No Drought Relief From Congress
Congress breaks for summer without passing farm bill or emergency drought aid. CNN: “Most farmers devastated by the drought are getting help from federally assisted insurance policies. But a number of livestock producers are in serious trouble. Why? A decision by Congress four years ago to pass a five-year farm bill that eliminated key federal livestock support programs in 2012 instead of 2013 … In June, the Senate passed a comprehensive new five-year farm bill renewing the livestock programs in question while cutting the deficit by roughly $23 billion … The House GOP, however, remains sharply split … Some tea party conservatives want to cut spending more deeply …”
The “fiscal cliff” was created by Bush. Bloomberg: “…Republicans were concerned that they couldn’t bring on enough Democrats to pass it. So they resorted to reconciliation, the same parliamentary maneuver Democrats would use in 2010 to pass a health-care law.
While that allowed Republicans to get around a threatened filibuster, Senate rules don’t allow bills passed by reconciliation to create deficits more than 10 years in the future. Thus, the 10-year expiration date. ‘Everyone understood that it was 10 years with a wink,’ says Democrat Tom Daschle, then-Senate minority leader.”
Krugman v. DeMarco
NYT’s Paul Krugman slams FHFA’s Ed DeMacro: “Reducing the [debt] burden on Americans in financial trouble would mean more jobs and improved opportunities for everyone … the obvious place to provide debt relief is on mortgages owned by Fannie Mae and Freddie Mac … But Edward DeMarco, the acting director of the agency that oversees Fannie and Freddie, refuses to move on refinancing … He claimed that the plan, while improving his agency’s financial position thanks to subsidies from the Treasury Department, would be a net loss to taxpayers — a conclusion not supported by his own staff’s analysis…”

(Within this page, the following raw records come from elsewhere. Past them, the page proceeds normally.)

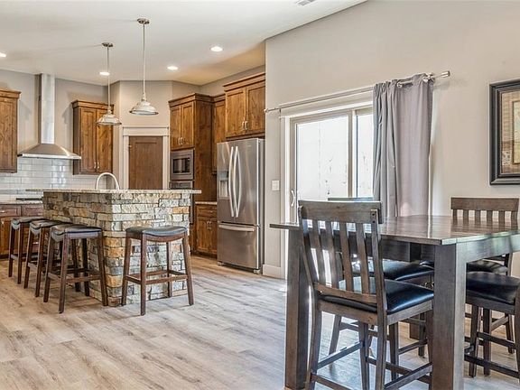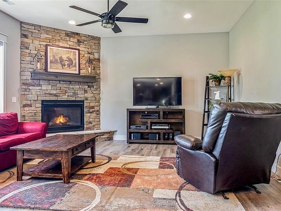Stunning Home w the feel of a brand new build! High end finishes, wide open floor plan & cathedral ceilings. Rare opportunity to live in a retreat like setting backing up to a gorgeous pond & wide open green space! Situated at the end of a quiet cul de sac ideal for neighborhood get togethers. Floor to ceiling stone fireplace is the focal point of the spacious Great Room w walls of windows overlooking the large pond and wildlife. The dining area/great room open up to a fabulous chef's kitchen w a large stone & granite kitchen island. Stainless steel appliances and 2 pantry's! Large laundry room off kitchen next to the Primary Bedroom is super convenient. Vaulted ceilings and sliding glass doors lead from Bedroom to the sprawling back patio w beautiful peaceful views of the water and gorgeous backyard. Humongous closet and prinary bathroom w walk in shower plus tons of built in cabinetry. 2nd bedroom and full bath on the main level could be an office or playroom. The additional bedrooms and full bath on the 2nd floor have thier own Huge Great room w a kitchenette area & wet bar perfect for entertaining for Football games or movie night. Oversized 3 car garage w tons of storage & its own storm shelter! Don't miss this one its a once in a lifetime chance to own your Dream Home!
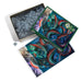 The ocean is vast and able to conceal gargantuan secrets like this electrifying sea serpent. Turquoise coils sport the bioluminescence found on deep sea creatures and illuminate the murky depths where you can just spot the future that awaits the ship above. UK-based artist Emily Megan has a focus on creature design and works in both 2 and 3D. From the Depths is a fantastical 1000 piece puzzle for lovers of mystery, the sea, and its mythical creatures.
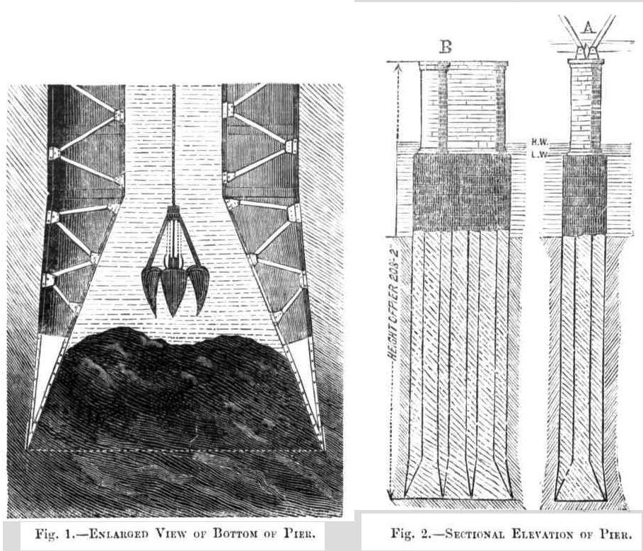 At the bottom of the caisson a 25ft high cutting edge dug into the silt on the river bed when bottom was reached. Tube caps were removed alternatively, so that a large grab, operated off a jib crane attached to a punt moored alongside the pier, could be dropped down the tubes and cut into the river bed, automatically closing as it was lifted, and dredging a hole for the caisson to settle. This was continued until the foundation was reached.
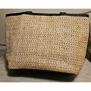 Bueno Women's Woven Straw Black Trim 3D Flower Accent Shoulder Tote Bag Purse

CAP’s John Griffith proposes solution for Treasury to overcome DeMarco’s opposition: “…the Treasury Department should bite the bullet and pay the full cost of principal reductions at Fannie and Freddie through the Home Affordable Modification Program. There are two ways Treasury can accomplish this. Based on current program rules, Treasury covers between 18 cents and 63 cents on each dollar of forgiven through the program’s Principal Reduction Alternative. If the Federal Housing Finance Agency were to ratchet that number up to 100 cents on the dollar for certain Fannie- and Freddie-backed loans, then its cost concerns would no longer be an issue. Alternatively, Treasury could just use funds from the standard Home Affordable Modification Program to pay off in full any amount that would otherwise be set aside as forbearance in Fannie and Freddie’s existing standard for this program.”

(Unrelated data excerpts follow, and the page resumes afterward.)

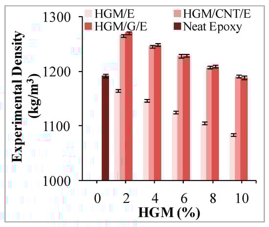Method of fabrication, uniform dispersion of constituents in the epoxy matrix, and lower void content significantly influenced the mechanical behavior of composites. Experimentally measured densities of different composites are depicted in Figure 4. Further, void content estimations, as well as theoretical and experimental density, are reported in Table 1. Experimental density values were lower than theoretical density values due to the entrapment of air in the composite encountered during fabrication. However, it was evident that the densities of all the composites declined with increasing hollow glass microballoon content. Hollow glass microballoons have an average density of 200 kg/m3, which is lower than neat epoxy by roughly six times. These microballoons, apart from possessing low density, are also hollow in nature; thereby, more space is utilized by the fillers in the composite. As a result, all the composites revealed a decrease in density values as the HGM content increased. Similar trends can be observed in [,,,]. Furthermore, HGM/E composites revealed lower density as compared with HGM/CNT/E and HGM/G/E. Further, the void content estimations indicated that observed values were minimal and can be neglected. The minute variations noticed in the standard deviations affirmed the consistency achieved in the fabrication of samples.
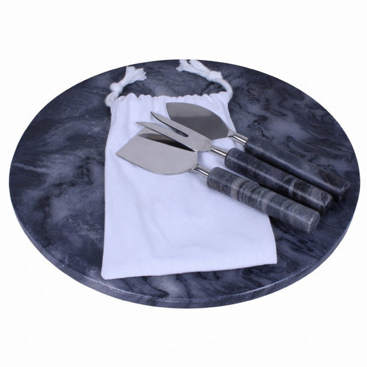 White Round Marble Handmade Cheese Board With Cheese Knives
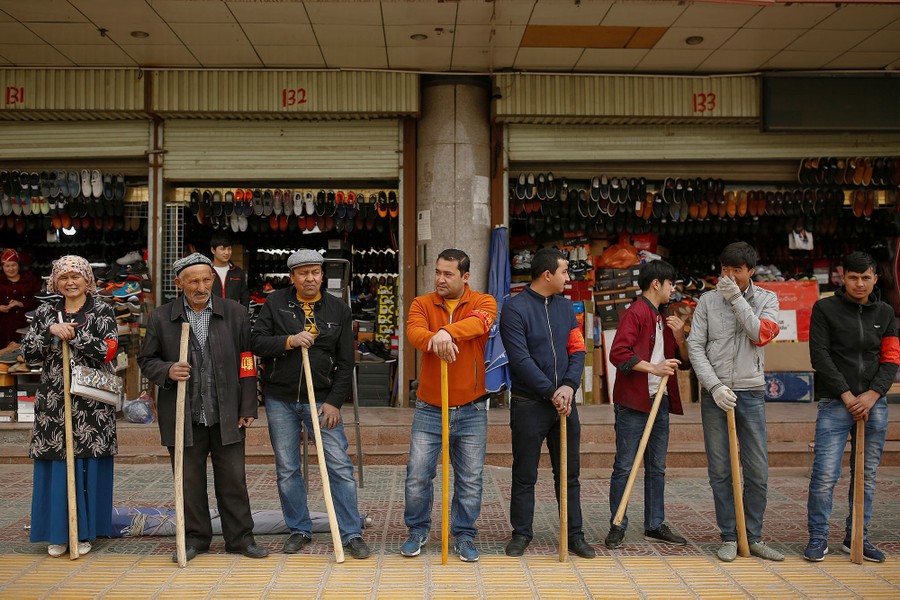 Read moreShopkeepers line up with wooden clubs to perform their daily anti-terror drill outside the bazaar in Kashgar, Xinjiang Uighur Autonomous Region, on March 24, 2017. Three times a day, alarms ring out through the streets of China's ancient Silk Road city of Kashgar, and shopkeepers rush out of their stores swinging government-issued wooden clubs. In mandatory anti-terror drills conducted under police supervision and witnessed by Reuters on a recent visit, they fight off imaginary knife-wielding assailants. Armoured paramilitary and police vehicles circle with sirens blaring. #
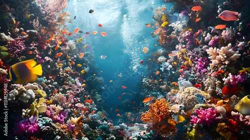 © Liang, Naklejka premium A vivid underwater scene showing a dying coral reef surrounded by colorful sea creatures, illustrating the effects of ocean pollution and climate change on marine ecosystems
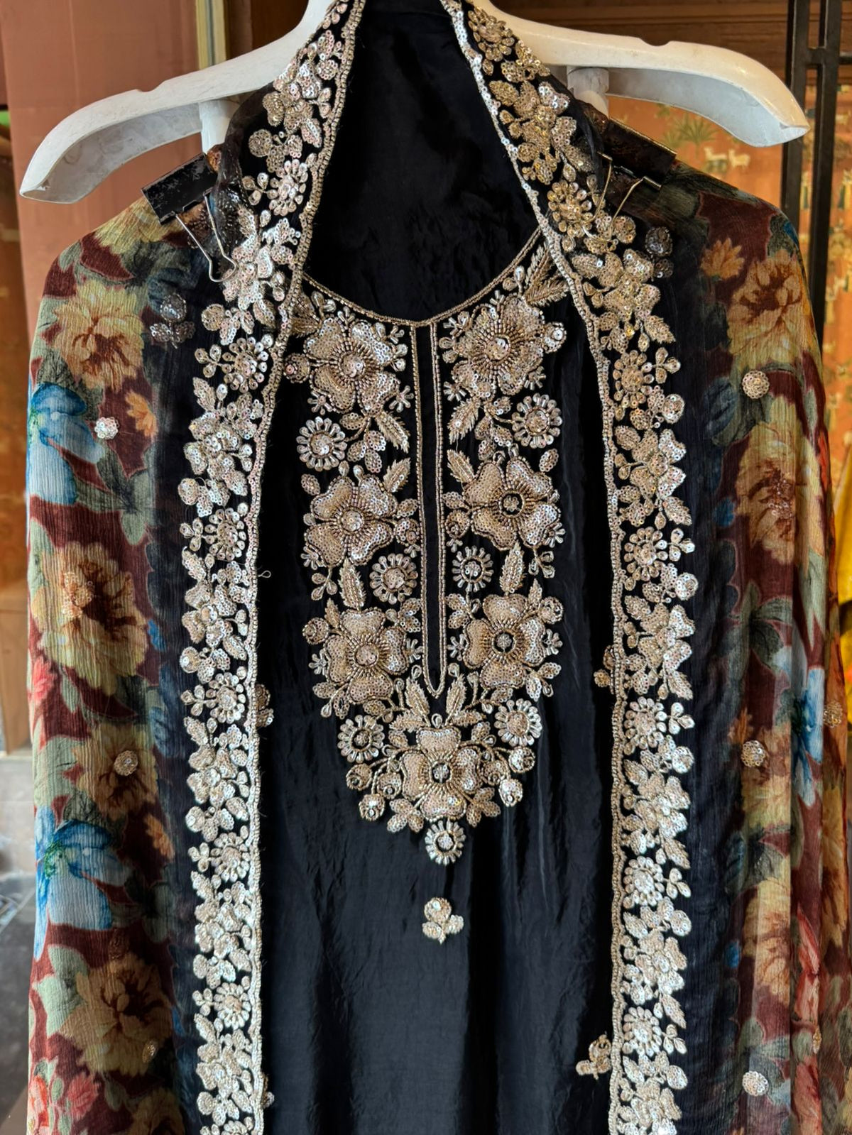 Black in colour with digital printed floral dupatta.

Fraudulent mortgage robo-signing firm settles in MO. AP: “Missouri has reached a settlement with a mortgage-services company over criminal accusations that the company had used fake signatures on documents to speed the processing of home foreclosures … Lender Processing Services, the parent company of DocX, will pay Missouri $1.5 million and reimburse the attorney general’s office $500,000 for the cost of the investigation … Lender Processing Services also agreed to cooperate with [AG Chris] Koster’s continuing criminal investigation of the former DocX president, Lorraine O. Brown.”
Bank of America subpoenaed in Libor investigation: “Bank of America said it’s cooperating with regulators and that it has been named as a defendant, along with other Libor- setting banks, in lawsuits from investors who may have incurred losses on assets tied to the benchmark.”